UPDATED 12:57 EDT / MAY 15 2012

IBM Versus the Big Data Skills Gap

Last week, IBM invited me down to the grand opening of the Silicon Valley IBM Innovation Center (IIC), a facility designed to educate Big Blue’s channel partners and help them integrate its product line into end-customer solutions. Every IIC has a specific area of focus designed to meet the needs of the local market its opened in – and it shouldn’t be a surprise to those keeping track that in Silicon Valley, IBM is making big data a priority.

There’s a definite skills gap in the big data market – the ideal data scientist has a background in both business and statistics, and the higher education and IT services industries are only now starting to shift gears and help train students in that direction. In the meanwhile, big data firms are trying to ferret out the talent from existing pools. It’s less a skills shift, exactly, as it is a mindset shift, and training is still a sticky wicket.

“IBM started a generation of Cobol programmers. Thirty years ago we didn’t have computer-science departments; now every quality school on the planet has a CS department. Now nobody has a data-science department; in 30 years every school on the planet will have one,” EMC Corp. President and COO Pat Gelsinger told the Wall Street Journal in April.

Okay, so most of the Innovation Center grand opening ceremony was a sales pitch – I mean, it’s called an “innovation center.” But putting aside the IBM propaganda, the Silicon Valley IIC is an interesting idea and one that may be relevant to the future of big data.

Essentially, it’s a primary school for teaching startups, partners, and so on the ins and outs of big data and get them up to speed.
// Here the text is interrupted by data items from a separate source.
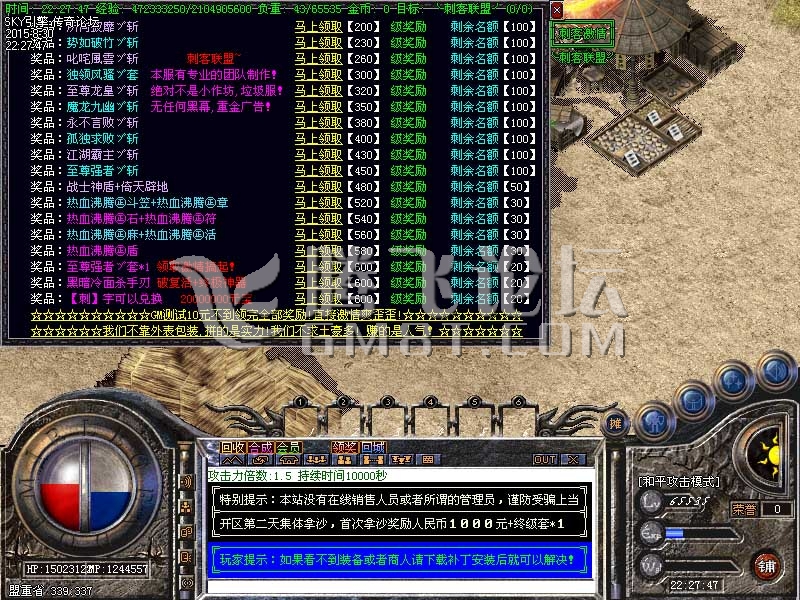 游戏介绍② >> 本服元宝比例1:500W,网银100%,点卡100%,无客服,无比例,无待遇,沙城奖励超值丰厚,重金顶级推广!
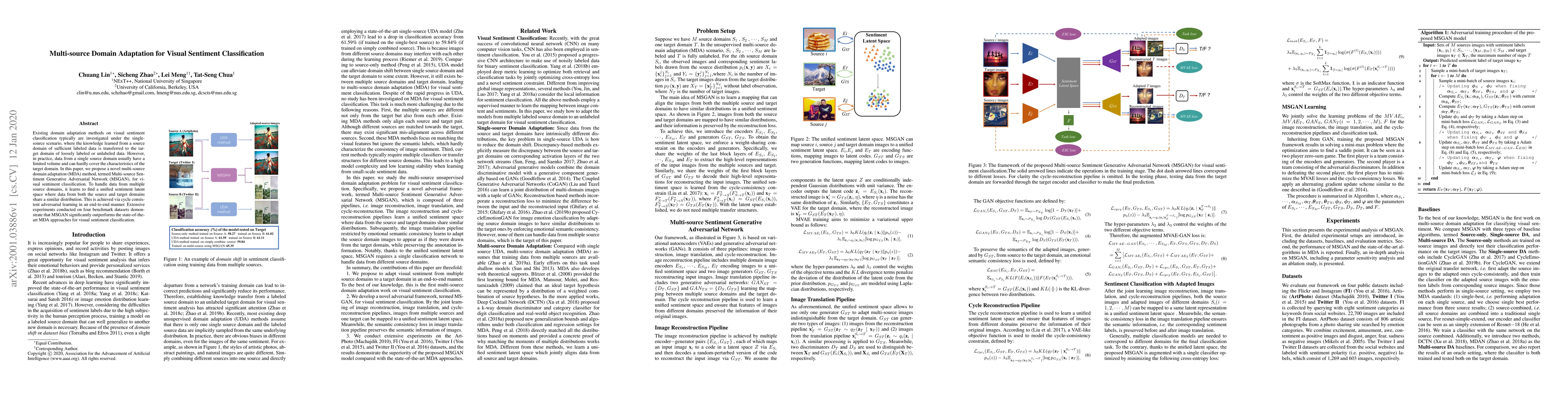 This paper proposes a Multi-source Sentiment Generative Adversarial Network (MSGAN) to improve visual sentiment classification through multi-source domain adaptation. MSGAN learns a unified sentiment latent space via cycle consistent adversarial learning, significantly outperforming existing methods on benchmark datasets.
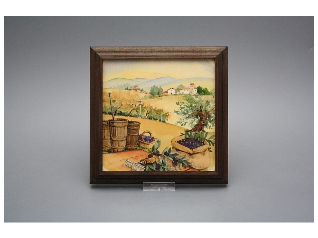 Keramisches Bild zum Aufhängen mit Holzrahmen, Temperatur beim Ausbrennen des Motivs in Höhe von 820°C, abriebfestes, waschbares Dekor.
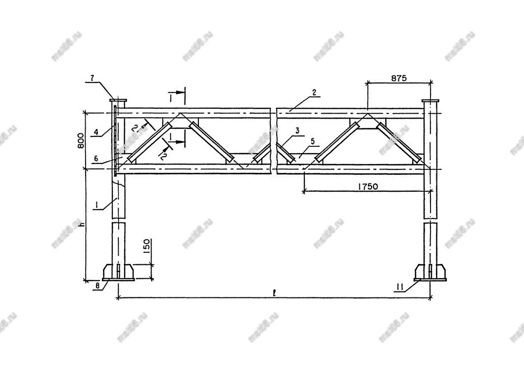 Рамная опора РМП-7 представляет собой две сдвоенные стойки из трубного металлопроката скреплённые поперечным горизонтальным ригелем, на который монтируют дополнительное оборудование. Ригель изготовлен специальной геометрической формы чтобы ведерживать не только предполагаемые нагрузки от располагаемого на нем оборудования но и климатические воздействия.

For startups, IBM makes the IIC available as a demonstration lab when making the big data sales pitch to VCs. For partners in general, it’s a place to get up to speed with big data (or at least IBM’s approach to it). And – this might be the most essential piece of the puzzle – for universities, it’s a place to get research and classroom material for use when teaching analytics.

Professor Stephen Kwan of San Jose State University was on hand to discuss how he’s helping his students benefit from the big data trend. SJSU is preparing to offer its a graduates a certificate in analytics, with new classes revolving around business intelligence (BI), simulating actual enterprise conditions. As Kwan noted: Risk has moved out of the risk manager’s office and into the enterprise as a whole, so how better to minimize risk than by providing graduates who can intelligently parse data?

I spoke to IBM VP of ISVs, Startups, Developers, and Academic Programs Michael Riegel after the ceremony, and on the subject of the big data skills gap, he took issue with the idea that the lack of talent is holding back the field while the next wave of data scientists may be years away from graduation. Instead, he says that we’ve already seen plenty of adoption in the big data space – as evidenced by IBM’s recent spate of big data acquisitions – but the new generation is going to cause customer adoption to skyrocket.

And on the subject of that new generation, Riegel says that training students in analytics is a tricky proposition, because the best data scientists are the ones who know both statistics and business, as mentioned previously.

A mathematician can draw the curve, and a businessperson can come up with a plan based on insights, but it takes a specialist to connect the dots between them. That’s why Riegel says that the best approach isn’t a big data degree, per se, but rather the introduction of the concept into, say, MBA programs and the like. Of course, were a university to come to IBM with a plan to offer a specialized degree program in big data or analytics, Riegel doubts Big Blue would hesitate to contribute resources.

What it comes down to is this: Many enterprises are hitting a point where they need big data to gain a competitive edge and generate value. College graduates need jobs, and IT professionals need certification programs. The IBM IIC is designed to meet all those needs – but even Big Blue can’t do it alone. EMC is offering a big data certification to its partners, and others need to follow suit, or else we’re going to be looking at an ever-widening chasm rather than a gap.